5. The method according to claim 4, wherein before the step of filtering the converted normal human voice audio according to the Mel filter bank to obtain the normal human voice audio, the method further comprises the following steps:

acquiring training language information corresponding to the conventional human voice audio;

calling a preset number of calling filters corresponding to the training language information to carry out sequential arrangement to obtain an initial Mel filter set;

and determining the starting Mel frequency and the ending Mel frequency of each calling filter in the initial Mel filter bank to obtain the Mel filter bank.

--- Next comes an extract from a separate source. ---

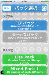 最初にパックの選択画面が表示されますが、基本は100個のパズルが収録されたコアパックを選択すれば良いと思います。

6. The method of claim 5, wherein the step of determining a starting Mel frequency and a terminating Mel frequency of each of the called filters in the initial Mel filter set to obtain the Mel filter set comprises the steps of:

determining a first starting frequency algorithm and a second starting frequency algorithm according to the language information, wherein the first starting frequency algorithm is represented as:

the second start frequency algorithm is represented as:

wherein F represents the maximum frequency after conversion into mel-frequency spectrum; i =1,2, …, M, when determining the center frequency of a certain mel filter, fi in the formula represents the center frequency of the ith mel filter; when a specific initial mel frequency of a certain mel filter is determined, fi-1 in the formula represents the specific initial mel frequency of the ith mel filter; when a specific termination mel frequency of a certain mel filter is determined, the specific termination mel frequency of the i-th mel filter is represented by fi + 1;

determining a specific starting Mel frequency of a k-th Mel filter and a preceding Mel filter in the Mel filter bank according to the first starting frequency algorithm, and determining a specific starting Mel frequency of a k + 1-th Mel filter and a following Mel filter in the Mel filter bank according to the second starting frequency algorithm, wherein k is a positive integer less than half of the sum of a preset number and 1, and k +1 is a positive integer greater than or equal to half of the sum of the preset number and 1;

determining a specific termination Mel frequency of a k-1 th Mel filter and a preceding Mel filter in the Mel filter bank according to the first start frequency algorithm, and determining a specific termination Mel frequency of a k-th Mel filter and a succeeding Mel filter in the Mel filter bank according to the second start frequency algorithm, wherein the specific termination Mel frequency of each Mel filter is a specific start Mel frequency of a next Mel filter of the Mel filters.

7. The method according to claim 1, wherein after the step of performing a voice endpoint detection operation for the vibration audio according to the audio to be recognized input to the target VAD model to obtain a target voice endpoint, the method further comprises the following steps:

and storing the target voice endpoint into a block chain.

8. A speech endpoint detection apparatus for vibro-audio, comprising:

the characteristic labeling module is used for performing characteristic labeling operation on the audio characteristic data according to preset standard audio characteristics and characteristic labels corresponding to the standard audio characteristics to obtain audio labeling data;

9. A computer device comprising a memory having computer readable instructions stored therein and a processor which when executed performs the steps of the method for speech endpoint detection for rumble audio of any of claims 1 to 7.

10. A computer readable storage medium having computer readable instructions stored thereon which, when executed by a processor, implement the steps of the method for speech endpoint detection for rumble audio of any of claims 1 to 7.